▸ HOW TO COMPLETE THIS TASK: Once you find the line with "上午9时,大会在雄壮的国歌声" in the listing below, set down exactly every line from it through the line with "Immunohistochemical analysis of", but no pictures.

▸ WORKING DATA:
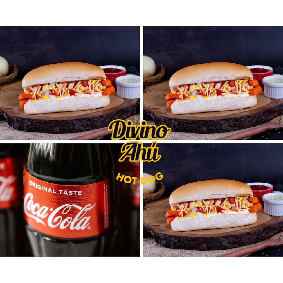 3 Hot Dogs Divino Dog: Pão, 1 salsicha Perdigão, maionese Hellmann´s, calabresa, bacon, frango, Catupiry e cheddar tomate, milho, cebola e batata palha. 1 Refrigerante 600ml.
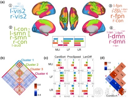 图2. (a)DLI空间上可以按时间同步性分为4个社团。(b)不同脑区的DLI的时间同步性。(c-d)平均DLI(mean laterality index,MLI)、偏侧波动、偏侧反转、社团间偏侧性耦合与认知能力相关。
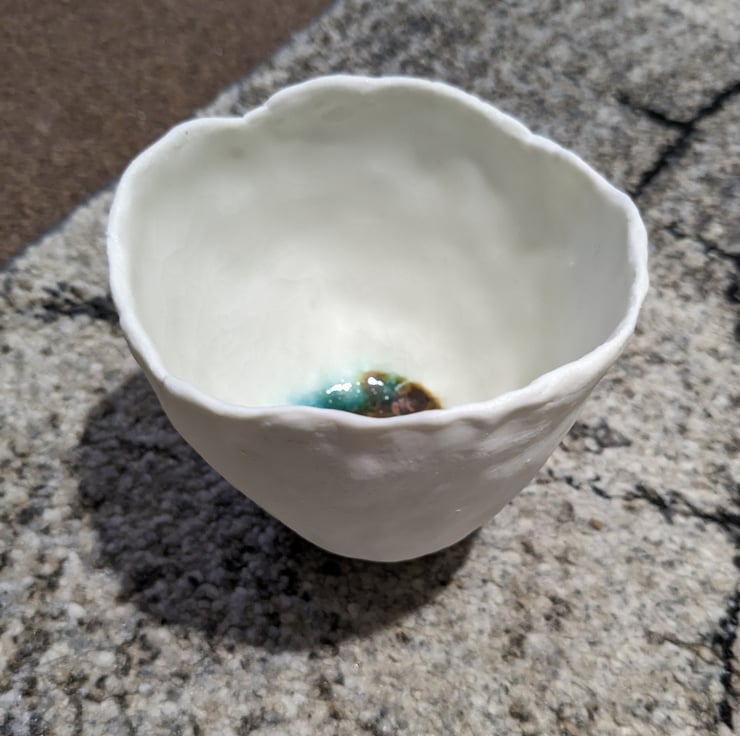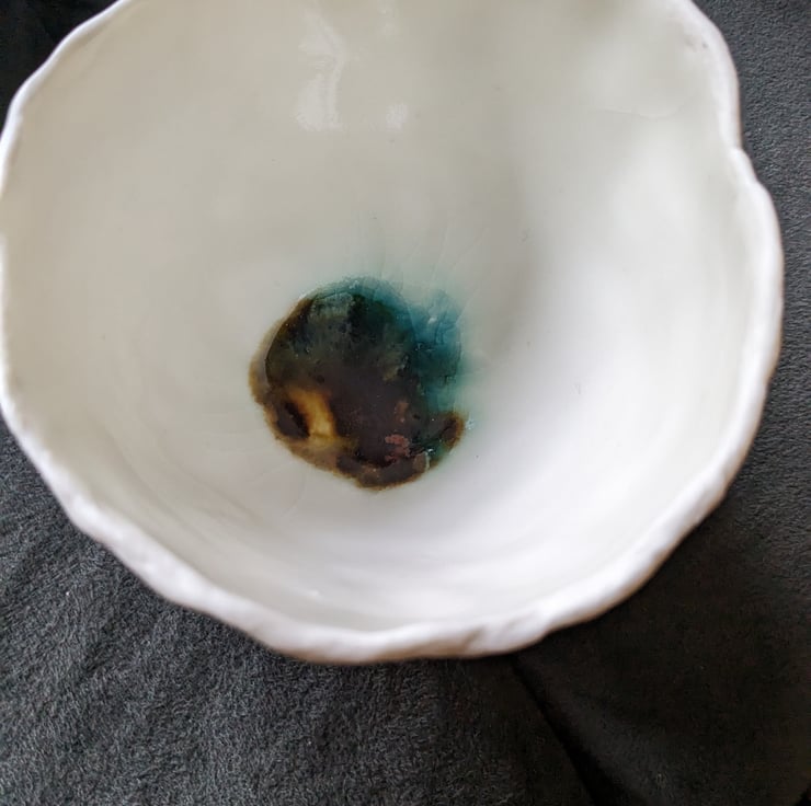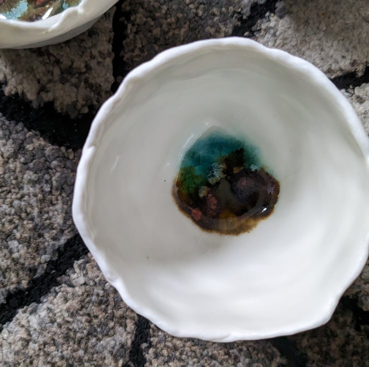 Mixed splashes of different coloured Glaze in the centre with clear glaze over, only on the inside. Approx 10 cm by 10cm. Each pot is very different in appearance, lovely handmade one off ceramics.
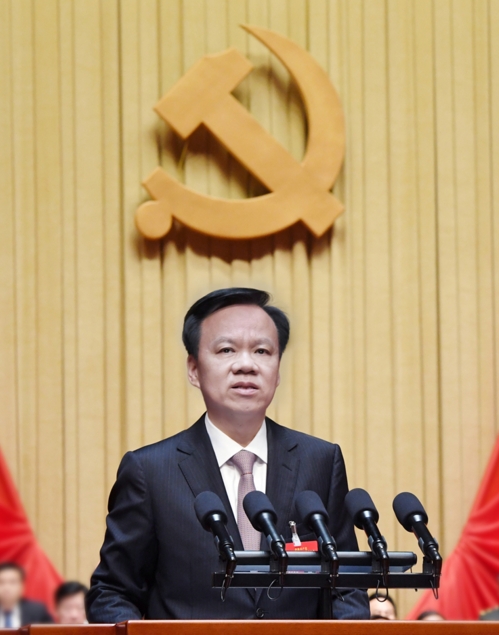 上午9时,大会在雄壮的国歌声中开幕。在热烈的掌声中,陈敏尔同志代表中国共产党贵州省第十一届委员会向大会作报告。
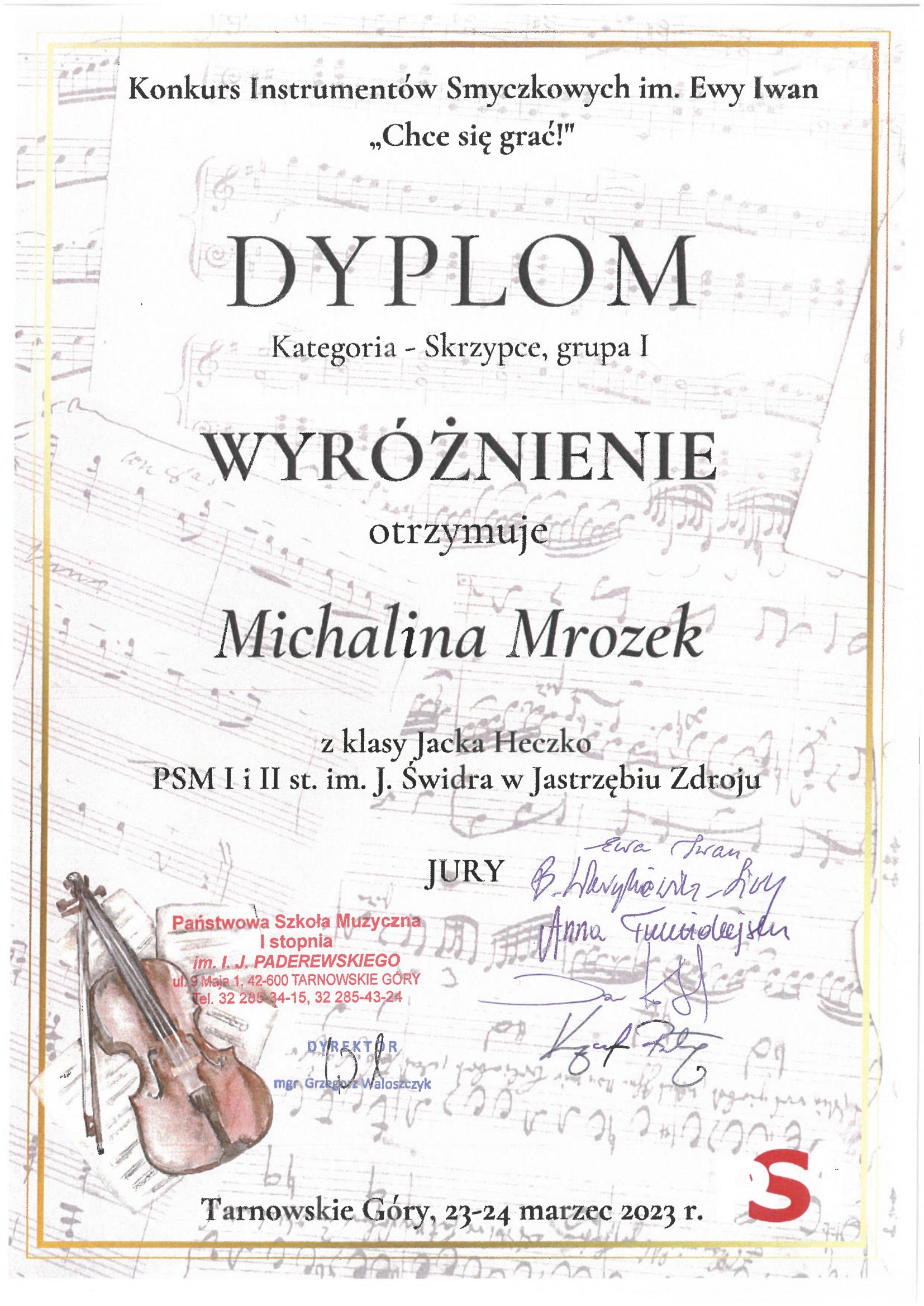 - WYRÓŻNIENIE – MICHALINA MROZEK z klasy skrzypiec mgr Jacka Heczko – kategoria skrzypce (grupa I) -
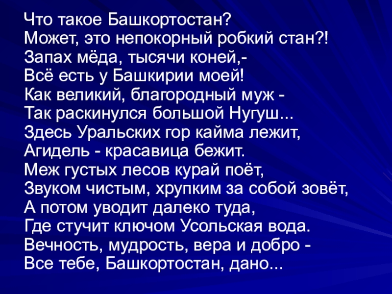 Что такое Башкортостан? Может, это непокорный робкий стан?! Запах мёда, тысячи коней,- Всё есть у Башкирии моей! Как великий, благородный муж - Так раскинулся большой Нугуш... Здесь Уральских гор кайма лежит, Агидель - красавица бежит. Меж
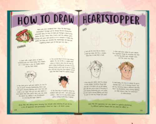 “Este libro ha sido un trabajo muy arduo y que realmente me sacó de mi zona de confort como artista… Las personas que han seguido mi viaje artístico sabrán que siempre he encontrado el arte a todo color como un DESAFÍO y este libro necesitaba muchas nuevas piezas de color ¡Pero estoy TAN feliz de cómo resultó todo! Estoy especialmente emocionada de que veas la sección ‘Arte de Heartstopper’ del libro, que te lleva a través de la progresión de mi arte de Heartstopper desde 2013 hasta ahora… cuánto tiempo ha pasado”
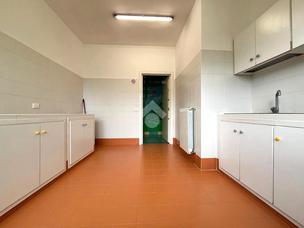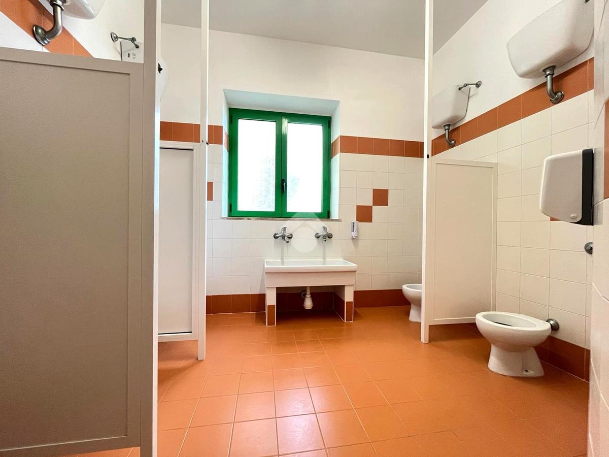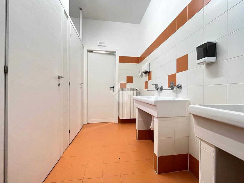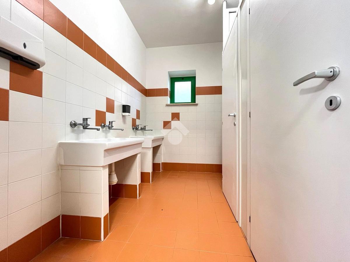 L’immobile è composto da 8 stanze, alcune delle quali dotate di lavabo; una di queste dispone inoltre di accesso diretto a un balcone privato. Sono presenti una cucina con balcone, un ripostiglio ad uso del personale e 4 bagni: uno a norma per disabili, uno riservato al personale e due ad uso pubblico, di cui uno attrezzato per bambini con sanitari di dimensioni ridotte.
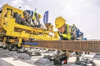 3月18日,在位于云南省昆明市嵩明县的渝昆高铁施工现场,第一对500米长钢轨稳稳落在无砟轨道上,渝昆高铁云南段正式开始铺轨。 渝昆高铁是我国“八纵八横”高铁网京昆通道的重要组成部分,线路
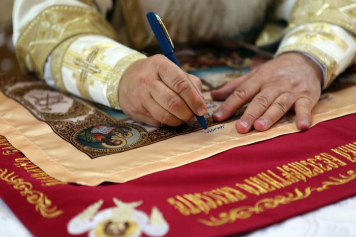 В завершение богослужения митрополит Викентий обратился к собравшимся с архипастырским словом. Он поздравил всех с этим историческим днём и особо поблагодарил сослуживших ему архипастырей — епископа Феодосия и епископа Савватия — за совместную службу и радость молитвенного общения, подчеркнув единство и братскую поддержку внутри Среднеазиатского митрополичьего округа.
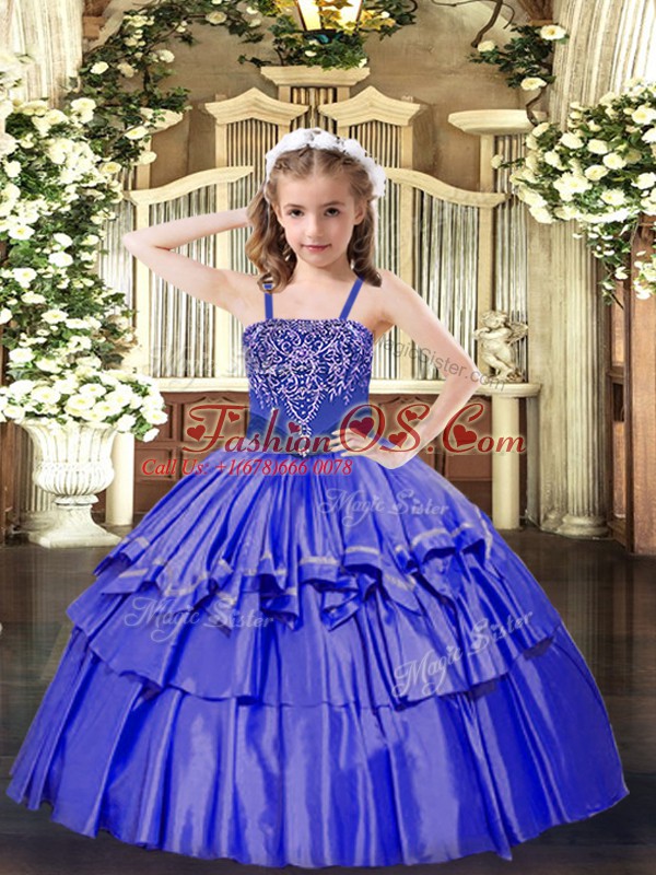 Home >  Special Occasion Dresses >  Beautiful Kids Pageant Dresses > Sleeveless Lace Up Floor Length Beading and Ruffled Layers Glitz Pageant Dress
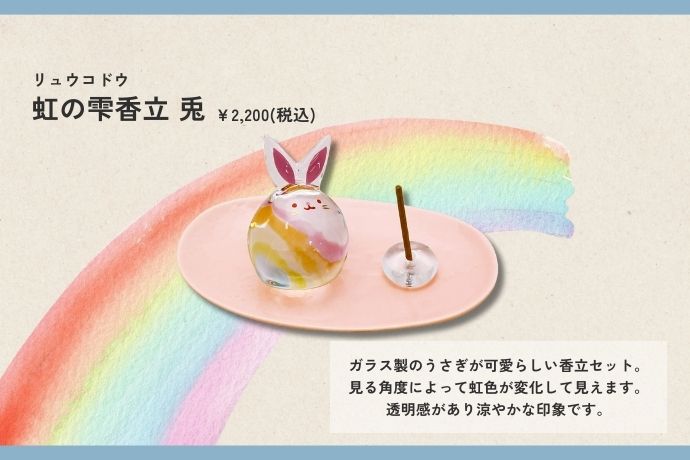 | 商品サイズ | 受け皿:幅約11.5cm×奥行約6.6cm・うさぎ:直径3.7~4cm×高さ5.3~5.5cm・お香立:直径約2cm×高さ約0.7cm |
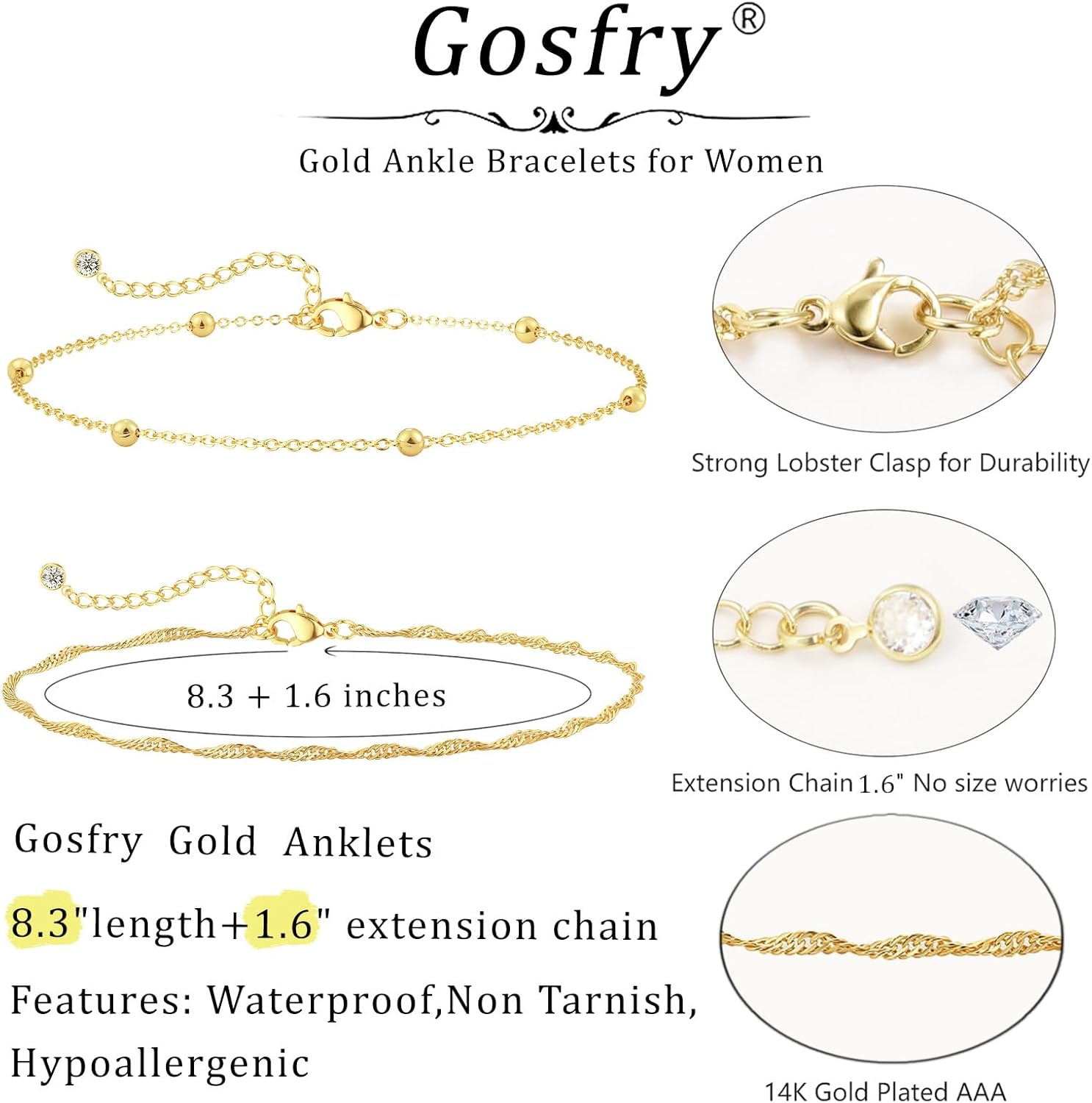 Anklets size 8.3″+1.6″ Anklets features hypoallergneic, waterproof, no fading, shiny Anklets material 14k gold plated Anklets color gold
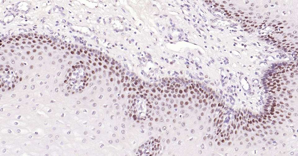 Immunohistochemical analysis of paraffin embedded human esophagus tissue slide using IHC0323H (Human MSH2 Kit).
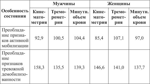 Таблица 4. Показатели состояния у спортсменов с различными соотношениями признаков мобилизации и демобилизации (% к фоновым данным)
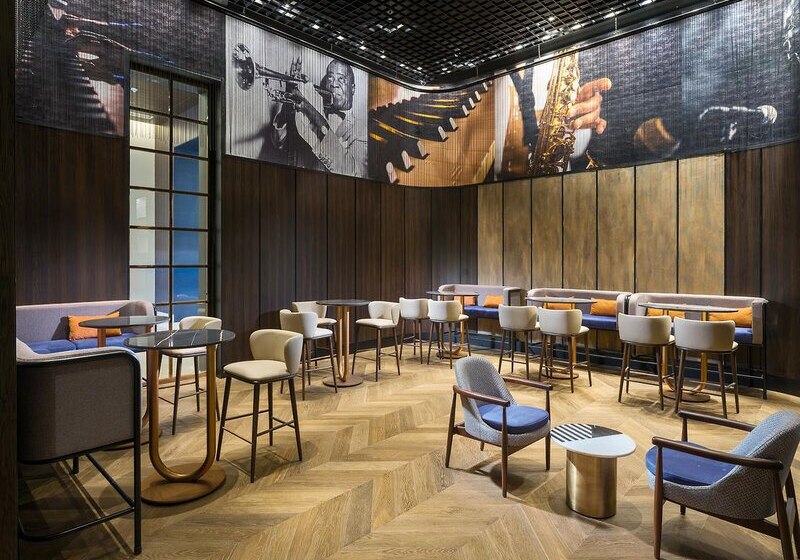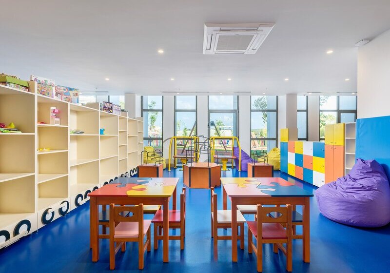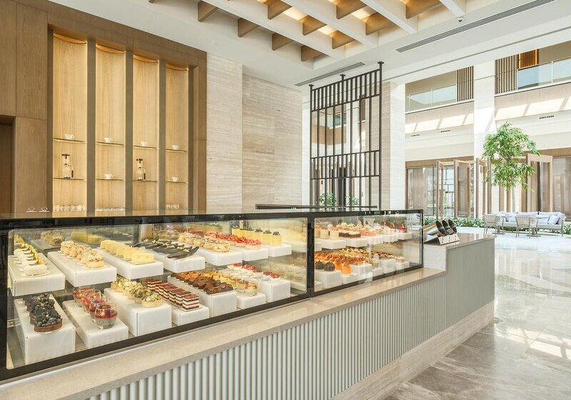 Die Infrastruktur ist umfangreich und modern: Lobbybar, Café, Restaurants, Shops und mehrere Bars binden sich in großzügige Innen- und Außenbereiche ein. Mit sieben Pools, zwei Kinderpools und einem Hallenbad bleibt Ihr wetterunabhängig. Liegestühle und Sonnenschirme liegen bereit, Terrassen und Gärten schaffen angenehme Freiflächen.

▸ RESULT FOR THIS TASK:
 上午9时,大会在雄壮的国歌声中开幕。在热烈的掌声中,陈敏尔同志代表中国共产党贵州省第十一届委员会向大会作报告。
 - WYRÓŻNIENIE – MICHALINA MROZEK z klasy skrzypiec mgr Jacka Heczko – kategoria skrzypce (grupa I) -
 Что такое Башкортостан? Может, это непокорный робкий стан?! Запах мёда, тысячи коней,- Всё есть у Башкирии моей! Как великий, благородный муж - Так раскинулся большой Нугуш... Здесь Уральских гор кайма лежит, Агидель - красавица бежит. Меж
 “Este libro ha sido un trabajo muy arduo y que realmente me sacó de mi zona de confort como artista… Las personas que han seguido mi viaje artístico sabrán que siempre he encontrado el arte a todo color como un DESAFÍO y este libro necesitaba muchas nuevas piezas de color ¡Pero estoy TAN feliz de cómo resultó todo! Estoy especialmente emocionada de que veas la sección ‘Arte de Heartstopper’ del libro, que te lleva a través de la progresión de mi arte de Heartstopper desde 2013 hasta ahora… cuánto tiempo ha pasado”
 L’immobile è composto da 8 stanze, alcune delle quali dotate di lavabo; una di queste dispone inoltre di accesso diretto a un balcone privato. Sono presenti una cucina con balcone, un ripostiglio ad uso del personale e 4 bagni: uno a norma per disabili, uno riservato al personale e due ad uso pubblico, di cui uno attrezzato per bambini con sanitari di dimensioni ridotte.
 3月18日,在位于云南省昆明市嵩明县的渝昆高铁施工现场,第一对500米长钢轨稳稳落在无砟轨道上,渝昆高铁云南段正式开始铺轨。 渝昆高铁是我国“八纵八横”高铁网京昆通道的重要组成部分,线路
 В завершение богослужения митрополит Викентий обратился к собравшимся с архипастырским словом. Он поздравил всех с этим историческим днём и особо поблагодарил сослуживших ему архипастырей — епископа Феодосия и епископа Савватия — за совместную службу и радость молитвенного общения, подчеркнув единство и братскую поддержку внутри Среднеазиатского митрополичьего округа.
 Home >  Special Occasion Dresses >  Beautiful Kids Pageant Dresses > Sleeveless Lace Up Floor Length Beading and Ruffled Layers Glitz Pageant Dress
 | 商品サイズ | 受け皿:幅約11.5cm×奥行約6.6cm・うさぎ:直径3.7~4cm×高さ5.3~5.5cm・お香立:直径約2cm×高さ約0.7cm |
 Anklets size 8.3″+1.6″ Anklets features hypoallergneic, waterproof, no fading, shiny Anklets material 14k gold plated Anklets color gold
 Immunohistochemical analysis of paraffin embedded human esophagus tissue slide using IHC0323H (Human MSH2 Kit).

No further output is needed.